Microsoft is to cut “thousands” of jobs worldwide as it attempts to beef up its presence in the cloud computing sector.
The technology giant wants to strengthen its cloud computing division but is facing intense competition from rivals such as Amazon and Google.
The cuts are expected to hit the sales team hardest as Microsoft puts more emphasis on selling cloud services.
The majority of cuts are expected to be outside the US. The company would not provide additional detail.
Microsoft employs about 121,000 people globally, including about 3,000 in the UK.
Microsoft UK has a cloud team based in Reading, as well as three data centres around the country.

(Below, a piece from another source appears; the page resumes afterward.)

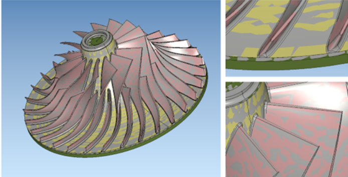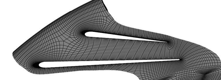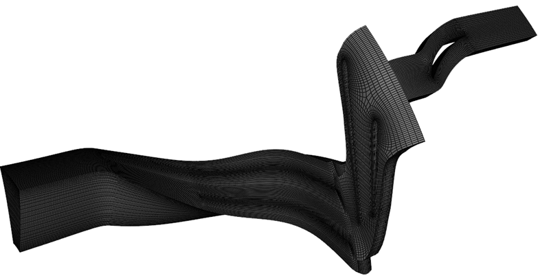 The TurboTides automated mesher integrated into the CFD module was used to produce a mesh with 1,109,024 cells. The mesh included the clearance region. Figures 4 through 8 show the mesh used for this study. It is relatively coarse; however, its size is well aligned with the everyday design environment where engineers use similar-quality meshes for quick design iterations. Higher-fidelity CFD using finer meshes may be used in later design phases to improve accuracy, but that is outside the scope of this case study.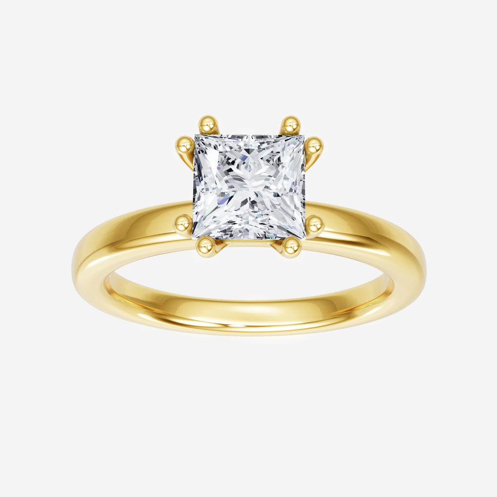 You’ve designed a ring that reflects lasting elegance and grace! Crafted from 18K Yellow Gold, this exquisite Princess lab-grown diamond is the centerpiece of this unique design. This Basic Plain Shank with a 4 Prong Split Prong head showcases the brilliance of the Princess diamond, creating a timeless look. This elegant piece is the perfect symbol of love, strength, and timeless beauty.

In recent years, the firm has timed major reorganisations to coincide with the end of its financial year in June. Previous layoffs targeted the firm’s hardware unit.
Cloud computing involves companies storing files and programs in big data centres so they can be accessed anywhere, not just on individual computers.
Microsoft wants to target its sales operations better in an effort to attract businesses looking to shift storage and other parts of their businesses online to the cloud.
Microsoft said it had notified some employees that their positions will be “eliminated”.
“Microsoft is implementing changes to better serve our customers and partners,” it said in a statement.
“Like all companies, we evaluate our business on a regular basis. This can result in increased investment in some places and, from time-to-time, re-deployment in others.”
Chief executive Satya Nadella has been focusing on the firm’s cloud unit, which has been a source of strength for Microsoft.
The firm said its “intelligent cloud” products generated $1.7bn (£1.3bn) in revenue for the nine months to the end of March, driven by doubling revenue from its cloud computing platform Azure.
However, Microsoft is still lagging a long way behind Amazon Web Services in the sector.